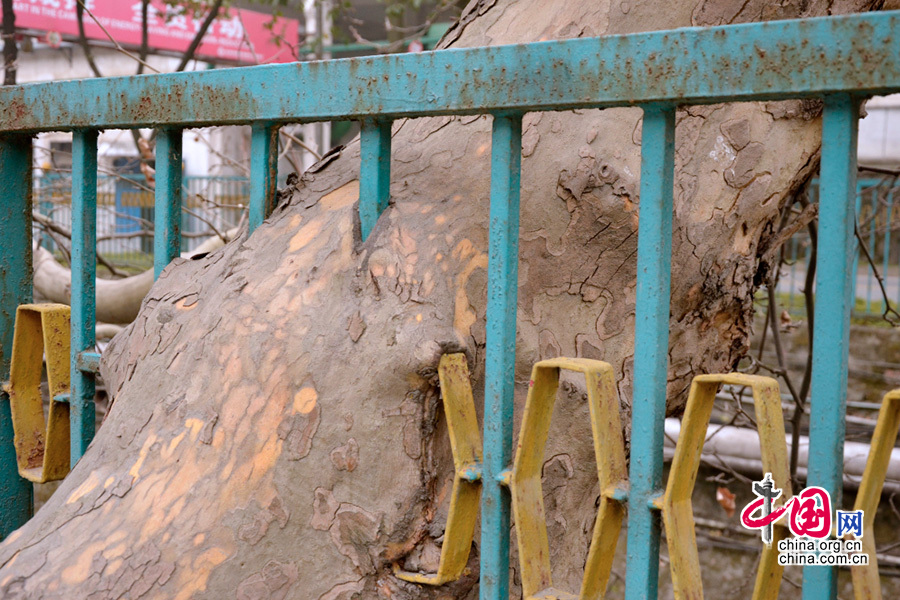 湖北十堰现“树坚强” 金属护栏穿胸依然顽强生长[组图]
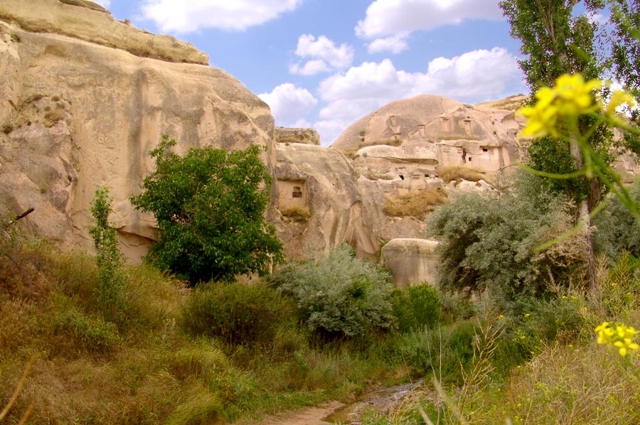 If you keep going through the alleyway after passing the Karakuş facilities through the Mustafapaşa Road at the west of Ürgüp, after a while you can reach Üzengi Stream which runs in parallel to the valley and where the water level isn’t so high. The valley also has an entrance from the direction of Ortahisar.
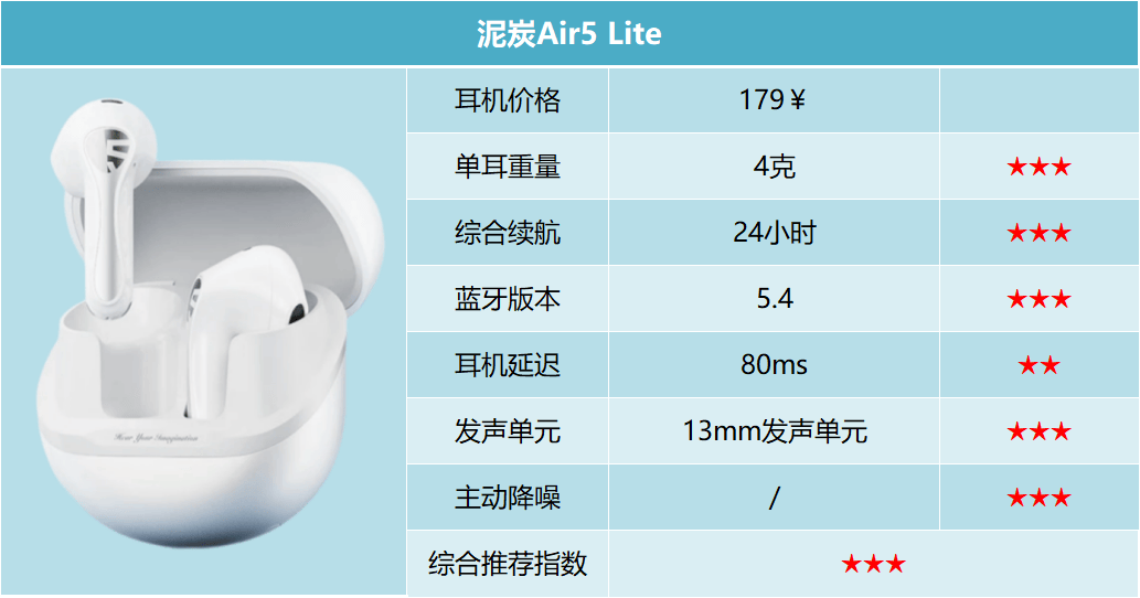 耳机单次续航约 4 小时,配合充电盒可复充 4 次,复合续航约 17小时。采用蓝牙 V5.3 技术和80ms以上的延迟表现,对于日常的听歌看剧都可以胜任。
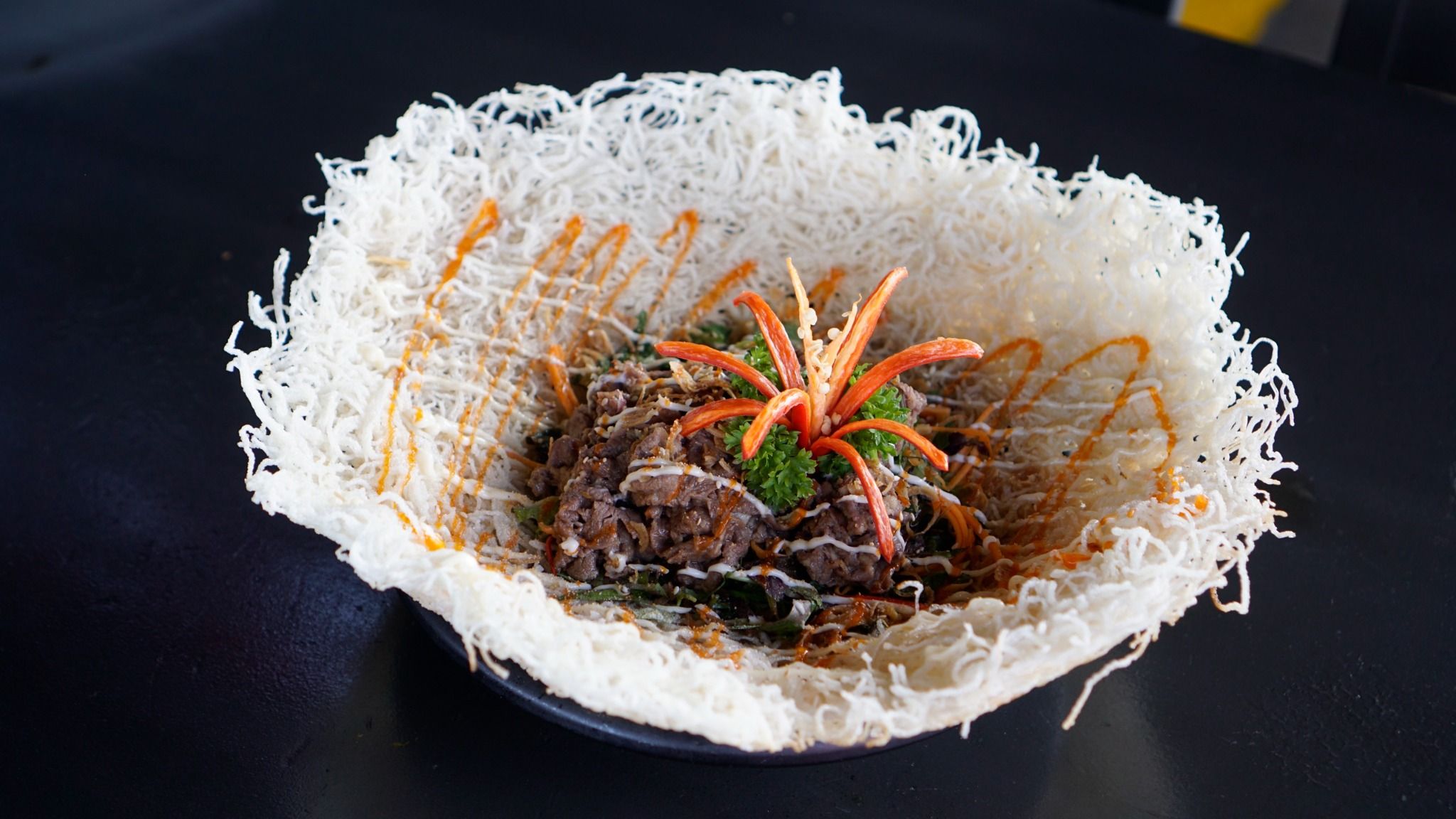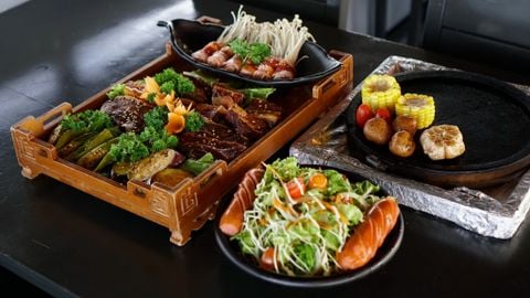 * Món ăn đặc sắc: Bò nướng đá, Sườn bò nướng sốt BBQ, Lưỡi vịt Sapo, Gà nổ muối nguyên con, Răng mực rang trứng muối, Sụn gà rang muối Thái, Tôm sốt wasabi,...
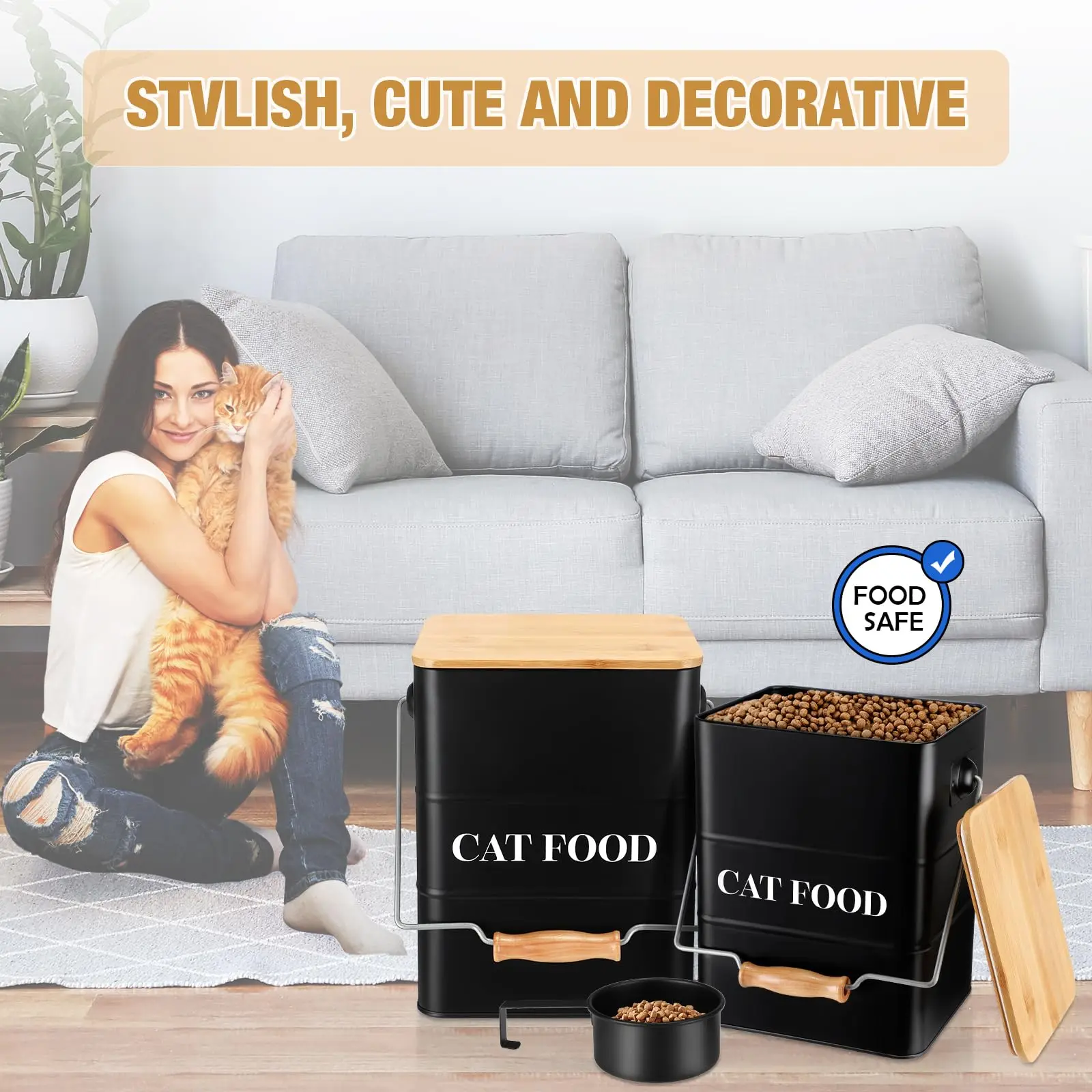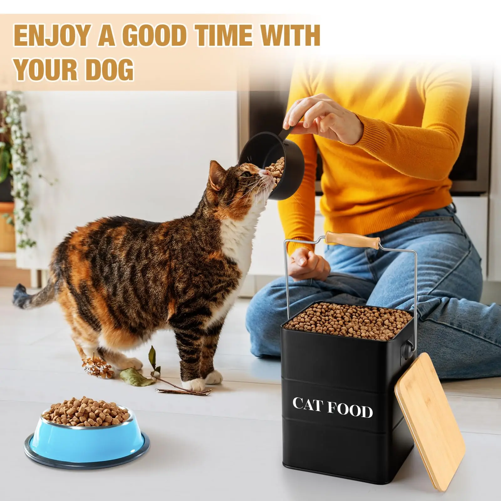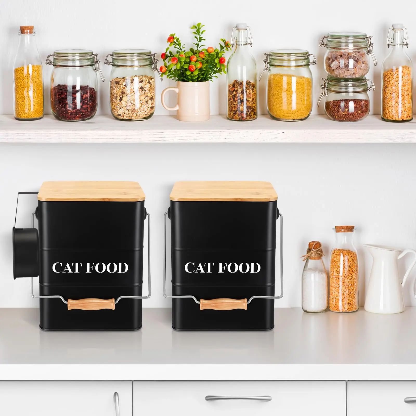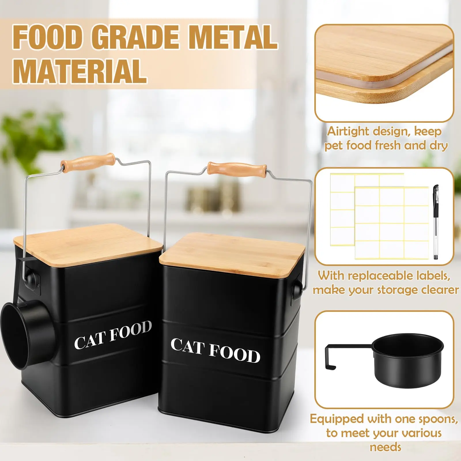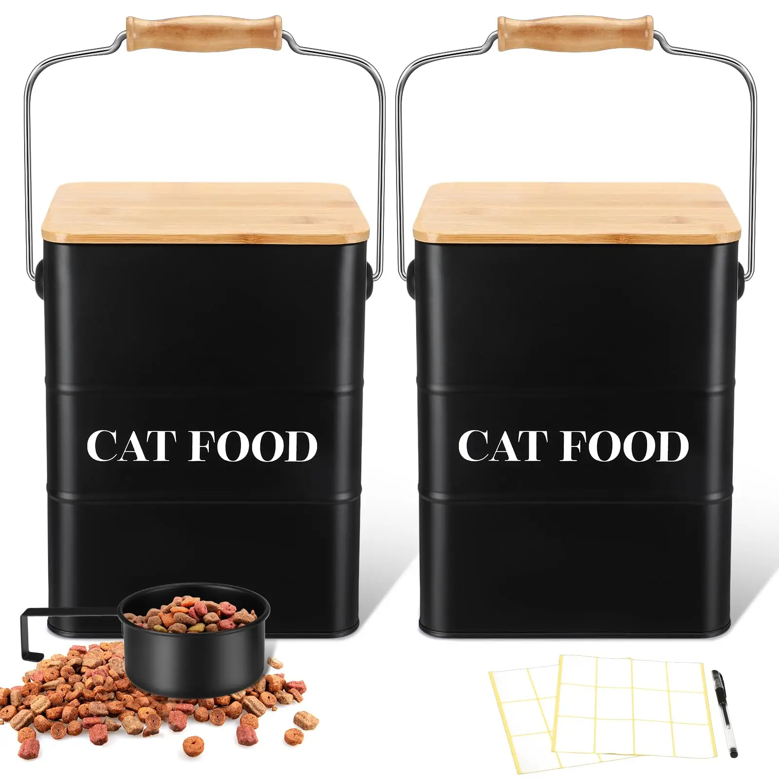Galvanized Iron Pet Food Storage Box Airtight Cat Treat Snack Jars Metal Cat Food Containers with Bamboo Lids and Spoon
______________________________
Exercise requirements: Output the listing above exactly as it stands; no picture should appear.

Your solution:
 湖北十堰现“树坚强” 金属护栏穿胸依然顽强生长[组图]
 If you keep going through the alleyway after passing the Karakuş facilities through the Mustafapaşa Road at the west of Ürgüp, after a while you can reach Üzengi Stream which runs in parallel to the valley and where the water level isn’t so high. The valley also has an entrance from the direction of Ortahisar.
 耳机单次续航约 4 小时,配合充电盒可复充 4 次,复合续航约 17小时。采用蓝牙 V5.3 技术和80ms以上的延迟表现,对于日常的听歌看剧都可以胜任。
 * Món ăn đặc sắc: Bò nướng đá, Sườn bò nướng sốt BBQ, Lưỡi vịt Sapo, Gà nổ muối nguyên con, Răng mực rang trứng muối, Sụn gà rang muối Thái, Tôm sốt wasabi,...
Galvanized Iron Pet Food Storage Box Airtight Cat Treat Snack Jars Metal Cat Food Containers with Bamboo Lids and Spoon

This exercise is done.